══ SOURCE MATERIAL

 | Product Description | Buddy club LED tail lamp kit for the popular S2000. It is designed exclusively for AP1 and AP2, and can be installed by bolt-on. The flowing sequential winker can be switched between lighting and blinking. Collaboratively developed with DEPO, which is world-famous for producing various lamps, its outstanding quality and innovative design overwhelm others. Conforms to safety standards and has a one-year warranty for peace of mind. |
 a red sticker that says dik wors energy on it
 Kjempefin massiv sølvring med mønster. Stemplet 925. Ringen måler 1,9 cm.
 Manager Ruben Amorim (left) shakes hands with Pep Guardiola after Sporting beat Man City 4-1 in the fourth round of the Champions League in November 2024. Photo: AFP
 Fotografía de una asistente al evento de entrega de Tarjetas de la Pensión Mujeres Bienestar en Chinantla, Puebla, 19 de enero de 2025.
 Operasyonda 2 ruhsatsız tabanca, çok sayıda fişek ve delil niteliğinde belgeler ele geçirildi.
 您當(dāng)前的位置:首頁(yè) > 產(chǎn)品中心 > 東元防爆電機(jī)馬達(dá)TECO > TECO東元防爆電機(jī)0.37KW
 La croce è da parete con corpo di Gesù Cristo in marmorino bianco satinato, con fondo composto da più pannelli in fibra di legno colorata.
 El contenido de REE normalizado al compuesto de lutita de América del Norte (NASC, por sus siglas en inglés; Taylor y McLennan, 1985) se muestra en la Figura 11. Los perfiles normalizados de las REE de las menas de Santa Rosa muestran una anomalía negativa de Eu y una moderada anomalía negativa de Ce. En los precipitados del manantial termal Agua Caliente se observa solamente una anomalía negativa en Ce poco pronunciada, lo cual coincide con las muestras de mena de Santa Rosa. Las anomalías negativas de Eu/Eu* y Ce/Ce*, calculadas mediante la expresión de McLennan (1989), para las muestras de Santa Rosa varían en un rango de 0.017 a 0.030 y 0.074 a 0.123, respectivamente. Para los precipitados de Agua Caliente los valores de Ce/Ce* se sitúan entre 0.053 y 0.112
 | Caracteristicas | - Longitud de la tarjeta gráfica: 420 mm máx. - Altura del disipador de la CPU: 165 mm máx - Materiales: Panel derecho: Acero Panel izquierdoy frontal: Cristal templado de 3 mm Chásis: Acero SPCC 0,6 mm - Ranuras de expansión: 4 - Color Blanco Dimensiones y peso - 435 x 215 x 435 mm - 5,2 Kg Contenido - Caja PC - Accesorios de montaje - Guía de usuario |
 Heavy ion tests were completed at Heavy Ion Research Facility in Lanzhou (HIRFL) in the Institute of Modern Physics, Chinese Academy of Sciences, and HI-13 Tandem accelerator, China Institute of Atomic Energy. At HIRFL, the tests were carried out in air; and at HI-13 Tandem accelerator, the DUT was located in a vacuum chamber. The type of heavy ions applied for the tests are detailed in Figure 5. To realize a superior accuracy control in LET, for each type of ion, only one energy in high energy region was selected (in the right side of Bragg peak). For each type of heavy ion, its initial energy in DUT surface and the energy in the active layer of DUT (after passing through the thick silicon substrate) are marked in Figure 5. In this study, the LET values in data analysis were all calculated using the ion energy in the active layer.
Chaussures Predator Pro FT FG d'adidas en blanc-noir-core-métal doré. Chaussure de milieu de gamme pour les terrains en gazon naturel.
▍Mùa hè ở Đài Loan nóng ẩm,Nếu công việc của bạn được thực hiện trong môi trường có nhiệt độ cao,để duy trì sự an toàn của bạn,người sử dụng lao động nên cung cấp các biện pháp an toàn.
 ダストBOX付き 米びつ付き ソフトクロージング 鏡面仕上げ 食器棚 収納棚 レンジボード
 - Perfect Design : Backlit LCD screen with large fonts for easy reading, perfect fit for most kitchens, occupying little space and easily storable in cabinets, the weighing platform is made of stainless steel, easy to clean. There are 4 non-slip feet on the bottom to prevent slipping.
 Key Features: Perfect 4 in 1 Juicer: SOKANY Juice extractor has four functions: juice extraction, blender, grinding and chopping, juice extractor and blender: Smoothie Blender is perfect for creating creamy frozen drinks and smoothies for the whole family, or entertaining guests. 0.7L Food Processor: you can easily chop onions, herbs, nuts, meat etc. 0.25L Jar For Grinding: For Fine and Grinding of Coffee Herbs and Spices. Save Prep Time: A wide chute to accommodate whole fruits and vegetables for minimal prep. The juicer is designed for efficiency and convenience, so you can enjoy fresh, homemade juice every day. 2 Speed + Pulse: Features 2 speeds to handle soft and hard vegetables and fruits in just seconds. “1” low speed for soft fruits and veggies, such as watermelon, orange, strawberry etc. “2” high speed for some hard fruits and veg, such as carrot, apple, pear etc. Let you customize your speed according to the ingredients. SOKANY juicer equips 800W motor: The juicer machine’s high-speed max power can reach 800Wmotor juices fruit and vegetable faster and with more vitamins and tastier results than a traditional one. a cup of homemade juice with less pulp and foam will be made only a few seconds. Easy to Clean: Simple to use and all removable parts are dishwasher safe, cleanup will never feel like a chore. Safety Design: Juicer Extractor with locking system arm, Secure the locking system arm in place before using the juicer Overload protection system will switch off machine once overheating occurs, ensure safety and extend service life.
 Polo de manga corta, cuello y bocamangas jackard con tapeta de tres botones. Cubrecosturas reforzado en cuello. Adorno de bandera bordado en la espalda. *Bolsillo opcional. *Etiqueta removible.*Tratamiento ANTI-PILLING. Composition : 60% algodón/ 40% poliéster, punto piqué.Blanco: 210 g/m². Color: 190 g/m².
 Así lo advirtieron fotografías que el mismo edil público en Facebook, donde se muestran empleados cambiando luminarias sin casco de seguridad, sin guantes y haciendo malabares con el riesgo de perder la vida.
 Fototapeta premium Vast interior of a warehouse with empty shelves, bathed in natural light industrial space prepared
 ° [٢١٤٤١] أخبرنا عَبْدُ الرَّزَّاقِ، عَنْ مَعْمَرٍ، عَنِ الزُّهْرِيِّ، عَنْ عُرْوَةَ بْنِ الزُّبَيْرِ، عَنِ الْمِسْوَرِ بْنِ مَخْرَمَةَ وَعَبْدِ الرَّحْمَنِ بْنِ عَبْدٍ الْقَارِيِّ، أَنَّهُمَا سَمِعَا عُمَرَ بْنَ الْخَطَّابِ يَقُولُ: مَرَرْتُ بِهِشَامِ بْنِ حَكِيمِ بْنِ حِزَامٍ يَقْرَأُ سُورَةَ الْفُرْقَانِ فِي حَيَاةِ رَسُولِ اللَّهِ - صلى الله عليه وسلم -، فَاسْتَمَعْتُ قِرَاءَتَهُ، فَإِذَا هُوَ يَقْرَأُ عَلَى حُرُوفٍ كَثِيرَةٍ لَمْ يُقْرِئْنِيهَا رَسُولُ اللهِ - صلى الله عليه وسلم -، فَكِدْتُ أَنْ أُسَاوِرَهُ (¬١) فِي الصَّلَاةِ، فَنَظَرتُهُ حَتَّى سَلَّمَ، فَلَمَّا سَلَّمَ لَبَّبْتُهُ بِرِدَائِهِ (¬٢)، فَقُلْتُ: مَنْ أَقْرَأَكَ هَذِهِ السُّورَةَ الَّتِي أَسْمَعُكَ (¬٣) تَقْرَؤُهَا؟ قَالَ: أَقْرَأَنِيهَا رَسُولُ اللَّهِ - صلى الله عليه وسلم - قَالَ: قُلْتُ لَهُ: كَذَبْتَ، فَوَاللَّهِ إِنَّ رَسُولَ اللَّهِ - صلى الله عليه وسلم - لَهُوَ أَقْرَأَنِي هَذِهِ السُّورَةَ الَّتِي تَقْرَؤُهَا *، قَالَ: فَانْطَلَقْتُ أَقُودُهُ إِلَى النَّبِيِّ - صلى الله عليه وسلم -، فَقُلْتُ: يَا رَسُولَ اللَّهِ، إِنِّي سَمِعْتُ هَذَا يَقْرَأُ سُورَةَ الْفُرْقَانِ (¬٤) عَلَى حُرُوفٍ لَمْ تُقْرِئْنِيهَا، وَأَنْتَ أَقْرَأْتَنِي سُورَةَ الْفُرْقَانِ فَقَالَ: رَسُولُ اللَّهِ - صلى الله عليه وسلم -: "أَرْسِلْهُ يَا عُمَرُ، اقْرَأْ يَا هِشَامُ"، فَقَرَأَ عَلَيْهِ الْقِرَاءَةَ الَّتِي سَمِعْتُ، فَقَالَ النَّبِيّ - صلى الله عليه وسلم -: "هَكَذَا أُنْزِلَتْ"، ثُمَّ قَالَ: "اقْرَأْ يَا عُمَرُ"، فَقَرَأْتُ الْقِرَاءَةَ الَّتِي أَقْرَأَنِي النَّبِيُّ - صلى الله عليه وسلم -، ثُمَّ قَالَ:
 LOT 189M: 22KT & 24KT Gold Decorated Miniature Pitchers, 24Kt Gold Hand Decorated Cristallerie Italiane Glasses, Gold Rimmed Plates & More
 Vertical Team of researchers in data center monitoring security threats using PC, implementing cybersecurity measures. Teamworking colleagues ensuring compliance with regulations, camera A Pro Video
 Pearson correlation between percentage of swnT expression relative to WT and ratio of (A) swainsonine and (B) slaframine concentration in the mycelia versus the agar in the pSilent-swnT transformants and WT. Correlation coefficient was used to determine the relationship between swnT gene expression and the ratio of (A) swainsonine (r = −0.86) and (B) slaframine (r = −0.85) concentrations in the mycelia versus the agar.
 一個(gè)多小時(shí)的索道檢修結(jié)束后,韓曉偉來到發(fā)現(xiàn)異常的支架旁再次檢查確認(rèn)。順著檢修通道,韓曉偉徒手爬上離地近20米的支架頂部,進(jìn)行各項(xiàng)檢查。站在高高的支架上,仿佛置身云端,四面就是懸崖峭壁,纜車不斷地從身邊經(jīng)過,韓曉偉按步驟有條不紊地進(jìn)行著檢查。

════

Using the entries above, return each line that includes the word "Blanco".

EXERCISE SOLUTION:
 | Caracteristicas | - Longitud de la tarjeta gráfica: 420 mm máx. - Altura del disipador de la CPU: 165 mm máx - Materiales: Panel derecho: Acero Panel izquierdoy frontal: Cristal templado de 3 mm Chásis: Acero SPCC 0,6 mm - Ranuras de expansión: 4 - Color Blanco Dimensiones y peso - 435 x 215 x 435 mm - 5,2 Kg Contenido - Caja PC - Accesorios de montaje - Guía de usuario |
 Polo de manga corta, cuello y bocamangas jackard con tapeta de tres botones. Cubrecosturas reforzado en cuello. Adorno de bandera bordado en la espalda. *Bolsillo opcional. *Etiqueta removible.*Tratamiento ANTI-PILLING. Composition : 60% algodón/ 40% poliéster, punto piqué.Blanco: 210 g/m². Color: 190 g/m².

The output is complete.